GLDEX - Fitting Single and Mixture of Generalised Lambda Distributions
The fitting algorithms considered in this package have two
major objectives. One is to provide a smoothing device to fit
distributions to data using the weight and unweighted
discretised approach based on the bin width of the histogram.
The other is to provide a definitive fit to the data set using
the maximum likelihood and quantile matching estimation. Other
methods such as moment matching, starship method, L moment
matching are also provided.
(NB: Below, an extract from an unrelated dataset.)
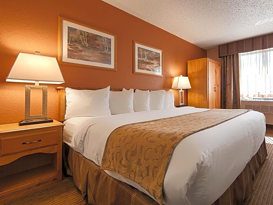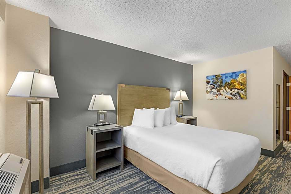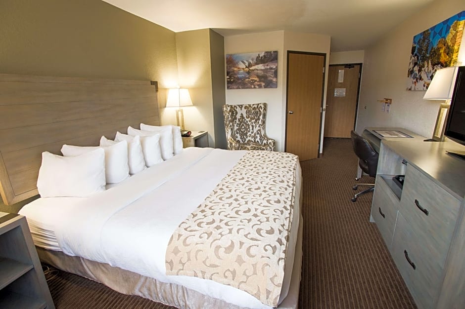 The Best Western Alpenglo Lodge offers a variety of room options. They have King Rooms with Disability Access, Deluxe Queen Rooms with Two Queen Beds, Deluxe King Rooms, Queen Rooms with Two Queen Beds and Disability Access, Deluxe Queen Rooms with Two Queen Beds and Mountain View, Deluxe King Rooms with Mountain View, and Queen Rooms with Two Queen Beds that are Pet Friendly. None of the rooms allow smoking. The rooms accommodate either 2 adults and 1 child or 4 adults and 3 children, and the bed sizes range from King to Queen.

Diagnostics on goodness of fit can
be done via qqplots, KS-resample tests and comparing mean,
variance, skewness and kurtosis of the data with the fitted
distribution. References include the following: Karvanen and
Nuutinen (2008) "Characterizing the generalized lambda
distribution by L-moments" <doi:10.1016/j.csda.2007.06.021>,
King and MacGillivray (1999) "A starship method for fitting the
generalised lambda distributions"
<doi:10.1111/1467-842X.00089>, Su (2005) "A Discretized
Approach to Flexibly Fit Generalized Lambda Distributions to
Data" <doi:10.22237/jmasm/1130803560>, Su (2007) "Nmerical
Maximum Log Likelihood Estimation for Generalized Lambda
Distributions" <doi:10.1016/j.csda.2006.06.008>, Su (2007)
"Fitting Single and Mixture of Generalized Lambda Distributions
to Data via Discretized and Maximum Likelihood Methods: GLDEX
in R" <doi:10.18637/jss.v021.i09>, Su (2009) "Confidence
Intervals for Quantiles Using Generalized Lambda Distributions"
<doi:10.1016/j.csda.2009.02.014>, Su (2010) "Chapter 14:
Fitting GLDs and Mixture of GLDs to Data using Quantile
Matching Method" <doi:10.1201/b10159>, Su (2010) "Chapter 15:
Fitting GLD to data using GLDEX 1.0.4 in R"
<doi:10.1201/b10159>, Su (2015) "Flexible Parametric Quantile
Regression Model" <doi:10.1007/s11222-014-9457-1>, Su (2021)
"Flexible parametric accelerated failure time
model"<doi:10.1080/10543406.2021.1934854>.